Он сказал правду – украшения выглядели бы нелепо на старом смирном пони, а Аннунсиата ни в коем случае не хотела выставлять своего Нода на посмешище. Она вновь вскинула головку.

– Я понимаю, – гордо ответила она. – Тогда я пока не буду использовать эти украшения. Но все равно спасибо вам.

– Как вам угодно, – ответил Ральф. – Итак, нам пора присоединиться к остальным.

Аннунсиата вышла за ним, испытывая легкое смущение. Она ожидала, что ее отказ от подарка обидит Ральфа, но он только улыбался каким-то своим мыслям. Чем же так порадовал Ральфа их разговор, не переставала удивляться она.

Глава 5

Быстро мелькали длинные, жаркие летние недели, и вот уже подоспела пора собирать урожай – зерно, фрукты, косить сено. Работа была и трудной, и приятной. Занят оказался каждый человек. Мужчины дома Морлэндов снимали камзолы и работали наравне со своими слугами; школы закрывались, потому что детям тоже приходилось помогать в поле – во время сбора урожая ни одни руки не оставались праздными. Всем приходилось объединиться, чтобы вовремя собрать щедрые дары земли и надежно спрятать их, пока не переменилась погода.
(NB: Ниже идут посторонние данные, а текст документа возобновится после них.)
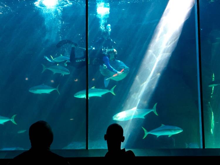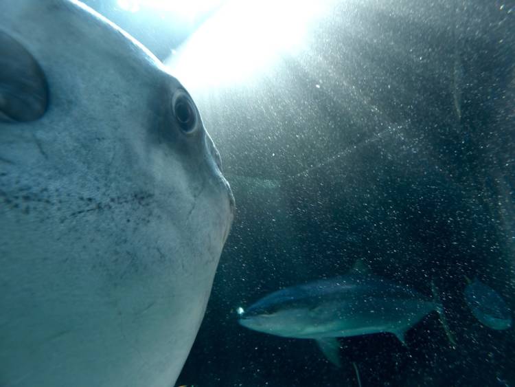 Many people have never seen sunfish – one visitor, on seeing the very first sunfish we had on display in the I&J Predator Exhibit, was convinced it was a robot! Those that are seen at sea are often mistaken for sharks because of the shape of their dorsal fin.

Во время сбора урожая даже юные леди могли на время забыть о своем утонченном достоинстве и выполнять какую-нибудь несложную работу, находя в этом для себя своеобразное развлечение.

Ральф очень любил такое время – ой мог каждый день проводить на свежем воздухе, занимаясь тяжелым физическим трудом. Часто он сбрасывал рубашку, оставаясь, подобно своим слугам, обнаженным до пояса, так что его кожа вскоре приобрела оттенок чистого меда, а волосы выгорели на солнце, став совершенно белыми. Эдуард предпочитал наблюдать, как складывали сено в стога – ему нравился такой созидательный труд и некий род творчества, когда из ветвей сплетали круглую основу, на нее укладывали охапки сена так, чтобы дождь не промачивал стог, и чтобы из стога можно было брать сено, не рискуя развалить все сооружение. Немало удовольствия доставляло и созерцание миловидных селянок, работающих рядом с мужчинами или приносящих им обед, состоящий из хлеба, мяса, пива или пахтанья. Как говорил Эдуард Ральфу, «сенокос оказывает невероятное влияние на девичью скромность – она никогда не подводит».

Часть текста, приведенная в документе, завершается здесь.